MIRI can see at longer wavelengths than the other instruments on Webb, and is capable of peering through the dust clouds that surround newly formed stars and planets.

By looking at infrared radiation, the Webb instruments including MIRI can effectively look back billions of years in time to study the very beginnings of the universe.

MIRI is one of four scientific instruments on Webb, the largest most powerful telescope ever launched into space.

Webb’s mission to explore the universe is led by:

  • NASA
  • the European Space Agency (ESA)
  • the Canadian Space Agency.

International collaboration
MIRI is an international project that was designed, built and tested by a European consortium of ten member countries, led by the UK in partnership with NASA JPL.
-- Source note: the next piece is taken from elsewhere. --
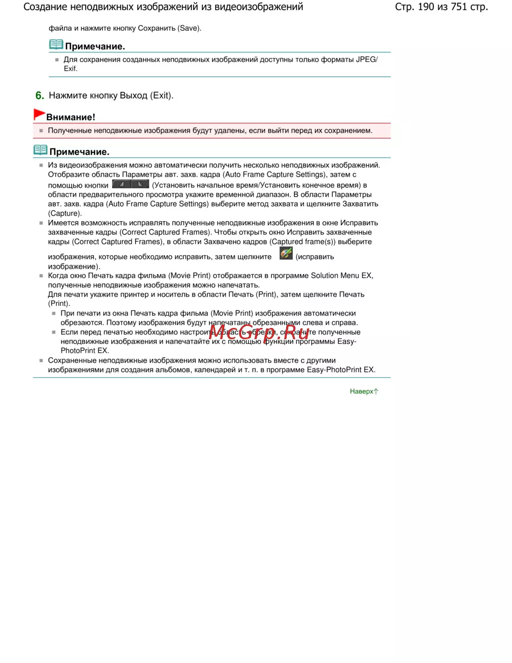 Стр. 190 из 751 стр.Создание неподвижных изображений из видеоизображений

To enable MIRI to take images required a truly international effort. The spectrometer channel requires light coming from input optics developed in Belgium entering UK ATC-built image slicers and pre-optics, feeding into a spectrometer developed in the Netherlands and landing on a US detector.

Similarly the imager channel is fed light from the same input optics, with light going into camera optics developed in France.

Inside the camera there is a filter wheel mechanism, that was developed in Germany. This precisely places into the beam a selection of colour filters, masks for the coronagraphs, or a prism for low resolution spectroscopy. Finally the light arrives perfectly in focus at another US provided detector.

All of that light has arrived in position, in focus.

All of MIRI is held correctly in position relative to the telescope by a thermally isolating hexapod developed in Denmark. Although it is an engineering image for the telescope alignment, these first measurements have also provided the MIRI team with some preliminary information about the flight instrument.

The MIRI development has been funded by the UK Space Agency and STFC, part of UK Research and Innovation (UKRI) and ESA.

Caroline Harper, Head of Space Science at the UK Space Agency, said: "MIRI and the other instruments on Webb will revolutionise our understanding of the universe. This is due to the skills, expertise and dedication of scientists and engineers from across the UK, which will put British science at the forefront of the exciting new discoveries set to be made by Webb over the next decade."

Over the next few months each instrument will undergo final calibration. MIRI’s systems will be tested, data will be analysed and final adjustments will be made before we see the first spectacular images of the cosmos from Webb this summer.